Chien 51
Dans un futur proche, Paris est divisé en trois zones, pour autant de classes sociales. La ville est sous la protection d’une IA nommée Alma. Lorsque l’inventeur de celle‑ci est assassiné, Salia, une enquêtrice de la Zone 2, et Zem, un policier de la Zone 3, s’associent pour trouver le coupable.
Pastiche 51
À part une vague trame et une ossature narrative, il ne reste pas grand‑chose du roman politico‑écolo et nostalgique de Laurent Gaudé, que le réalisateur marseillais Cédric Jimenez adapte ici avec fougue. Déjà, transposer l’action d’Athènes à Paris était en soi une hérésie. On aurait adoré que le réalisateur filme sa cité phocéenne et non un Paris de carte postale futuriste.
Et confier les rôles principaux au duo cinématographique Adèle Exarchopoulos/Gilles Lellouche, une fausse bonne idée mais sans doute bankable. Cela plombe d’entrée le métrage. Non pas que les acteurs soient mauvais, mais ils sont clairement trop complices et le couple Zem/Salia ne fonctionne pas, ni dans sa phase chien‑chat, ni dans sa phase romantique (inutile). Il faut dire qu’ils ne sont pas aidés par la réalisation boursouflée de prétention et qui écrase ses acteurs. La scène du karaoké version 2045 sur fond de faux concert virtuel donne le ton.

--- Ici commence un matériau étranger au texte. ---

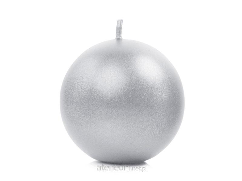 Świeca metalizowana Kula w kolorze srebrnym, średnica 8 centymetrów. Czas palenia 1 sztuki około 20 godzin.(1 op. / 6 szt.)
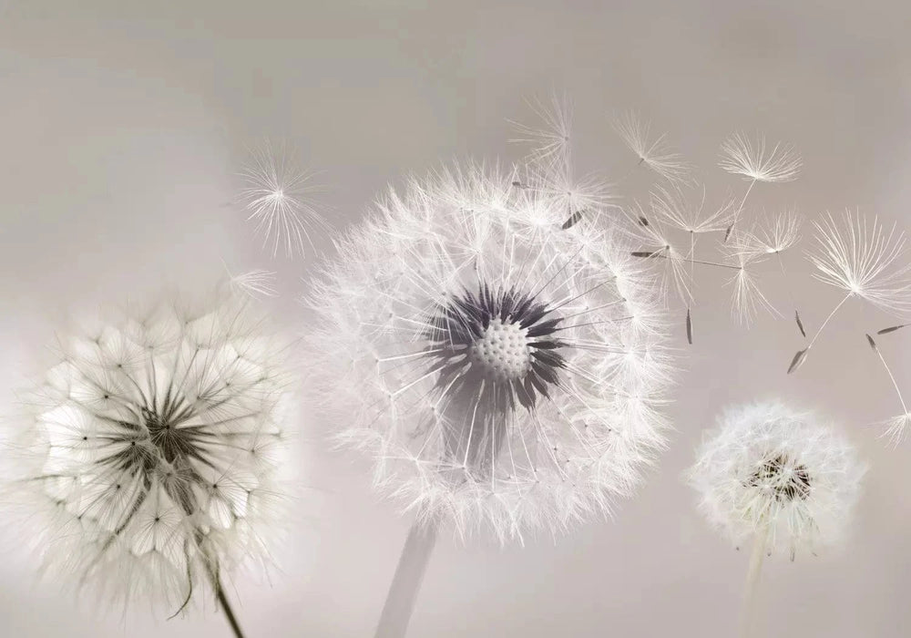 Fototapetes ar pienenēm silti pelēkā krāsā -  Pienene un vējš, 135754 G-ART

© Ombeline Le Gendre-Martin - 2025 - Chi-Fou-Mi Productions - Studiocanal - France 2 Cinéma - Jim Films - Artemis Productions
Les chiens aboient...
Rien ne fonctionne vraiment dans ce Chien 51, qui oublie un peu la rage canine du roman original pour lorgner vers Minority Report et Les fils de l’homme (pour les références assumées). Le film, et c’est dommage car les moyens sont là, peine à établir un véritable univers cohérent, alors que c’est paradoxalement le personnage principal de l’intrigue.
Sans imagination, Chien 51 recycle les idées des autres et s’embourbe rapidement dans un grand barnum cinématographique, sans véritable cohérence pour aboutir à une intrigue classique vue, revue et ô combien à la mode.

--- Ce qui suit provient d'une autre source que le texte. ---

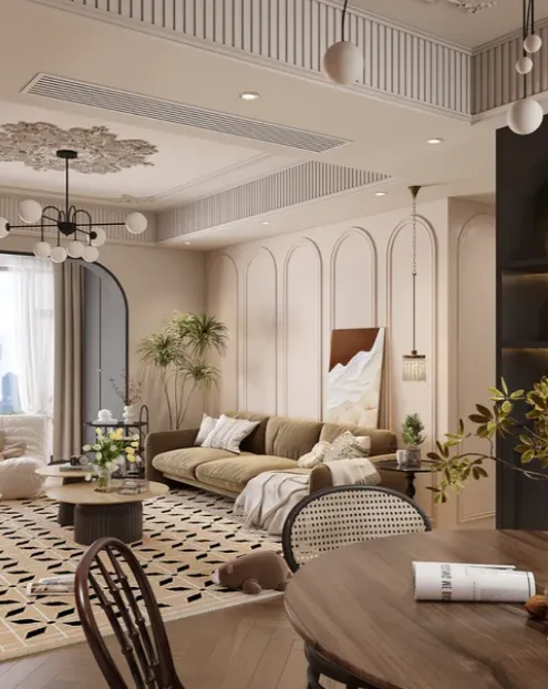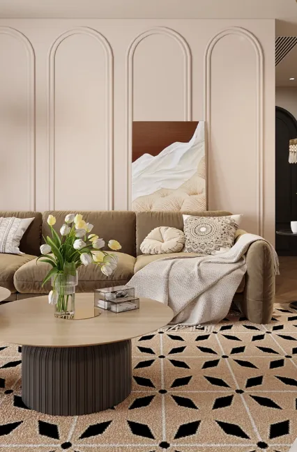 底色优先选用低饱和度中性色,适配太原大户型的开阔空间,同时为后续软装搭配预留空间。墙面、地面可选用奶白色、米杏色、浅灰色、雾霾蓝等,这些色彩自带温润感,能弱化大户型的空旷,营造慵懒惬意的氛围;顶面可保留白色,搭配简约石膏线,提升空间层次感,避免深色顶面带来的压抑感,凸显法式复古的通透感。

Les trois zones sociales parisiennes au cœur de l’intrigue ont du mal à exister à l’écran, ou du moins ne sont jamais vraiment différenciées, hormis une vague opposition entre l’appartements haussmanniens du ministre de la Justice et celui bobo néo‑rétro du flic cassé par la vie. Et il faut bien plus que 3 tags et 4 poubelles renversées pour faire de Paris une capitale dystopique crédible, capable de rivaliser avec le Los Angeles tout aussi dystopique et pessimiste de Blade Runner (réalisé il y a plus de 40 ans !). Ici, les pluies ne sont plus acides, elles sont cinégéniques, et c’est bien le problème. En lorgnant vers le blockbuster calibré, le réalisateur de La French et de Bac Nord livre un polar futuriste certes, mais très impersonnel et surtout peu original, bien que ce soit un film de science‑fiction français, presque parisien, même.
Ah, ce plan sur la Tour Eiffel de nuit et les quais de Seine agrémentés de deux ou trois écrans géants, et cette belle réflexion de Gilles Lellouche : « J’avais oublié comme c’était beau ! ». Un must.

© 2025 - Chi-Fou-Mi Productions - Studiocanal - France 2 Cinéma - Jim Films - Artemis Productions
Chien de la casse
Il ne suffit pas non plus de faire exploser le budget HMC (habillage, maquillage, coiffure) pour transformer le haut du panier du cinéma hexagonal en acteurs solubles dans la science‑fiction. C’est un axiome : au cinéma, le ridicule tue et il faut souvent se pincer quand on voit le sort réservé par ce Chien 51 à Louis Garrel et Romain Duris, pour ne citer qu’eux. Les pauvres n’étant pas non plus aidés par leurs dialogues.
Reste que le film, avec tous ses défauts, peut divertir, pourvu qu’on n’ait pas trop d’attentes, qu’on ne connaisse pas le roman et qu’on soit surtout bon public. Nos acteurs français préférés font leur maximum, le réalisateur a le sens des scènes d’action, la bande‑son et le sound design sont aux petits oignons, et l’ambition est bel et bien là. Ça fait d’ailleurs du bien de voir un film français qui s’essaie à autre chose. Même la plupart des effets spéciaux fonctionnent, c’est dire.
Malheureusement, pas tous. C’est d’autant plus dommage quand il s’agit des drones et du jeu télévisé, pourtant si essentiels à l’intrigue (du moins pour les premiers, car pour les seconds, c’était plus dans le roman).
En somme, ce Chien 51 manque cruellement de mordant. Il est par bien des égards assez raté au regard de ses ambitions, mais n’est pas à renvoyer directement à la niche pour autant.